From 1830 to 1953, the community of Bayou Chene thrived as a center for logging, hunting, trapping, and fishing in the heart of the Atchafalaya Basin. Now buried underneath at least 12 feet of silt, Bayou Chene is one of several abandoned communities in the midst of the basin.

The earliest settlers of the Bayou Chene region were the native Chitimacha tribe. Several villages important to the Chitimacha were located around Bayou Chene including the Village of Bones or Namu Katsi and the Cottonwood Village, known as Kushuh Namu in the Chitimacha language. One of the earliest written accounts of the Bayou Chene region comes from French explorer C.C. Robin who, while paddling through the basin in 1803, wrote:

After long sinuosities which form innumerable islands, among which the inexperienced traveler would require the thread of Ariadne in order not to wander forever, the river opens suddenly into a magnificent lake of several leagues extent. The sudden light surprises the traveler and the beauty of the water, set about with tall trees, forms an enchanting sight.

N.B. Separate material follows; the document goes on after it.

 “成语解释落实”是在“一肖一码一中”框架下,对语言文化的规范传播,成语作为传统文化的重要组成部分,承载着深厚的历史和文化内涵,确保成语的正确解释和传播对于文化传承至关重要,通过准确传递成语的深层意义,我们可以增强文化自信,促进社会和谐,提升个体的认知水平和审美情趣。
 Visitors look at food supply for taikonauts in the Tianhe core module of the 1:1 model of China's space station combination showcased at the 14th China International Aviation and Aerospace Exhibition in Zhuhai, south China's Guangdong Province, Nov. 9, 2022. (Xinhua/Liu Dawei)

By 1841, between 15 and 20 families were farming along the banks of "Oak Bayou" or Bayou Chene. The population rose quickly over the next 20 years, as the United States Census of 1860 records 675 residents in the community. By the 1870s, a majority of those living along Bayou Chene were involved in logging bald cypress, tupelo, and other bottomland hardwoods in the basin.

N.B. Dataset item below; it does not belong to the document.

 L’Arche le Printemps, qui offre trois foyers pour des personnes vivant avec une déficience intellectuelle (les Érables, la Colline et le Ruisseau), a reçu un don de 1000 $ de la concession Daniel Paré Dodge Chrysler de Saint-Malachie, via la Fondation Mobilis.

By the early 20th century, Bayou Chene was the center of the Atchafalya Basin's cypress and fur industry and housed many of the 1,000 full-time fisherman who fished the swamp's shallow bottoms. Writing about her family's experiences in the region, Gwen Roland describes how the community relied upon the basin's waters for everything, including transportation:

Out here on the Chene, our skiffs flare out on the sides so they float high like an acorn cap; it makes them quick to steer with an extra push on one oar or the other. This skiff floated deep and straight like a water trough or a coffin.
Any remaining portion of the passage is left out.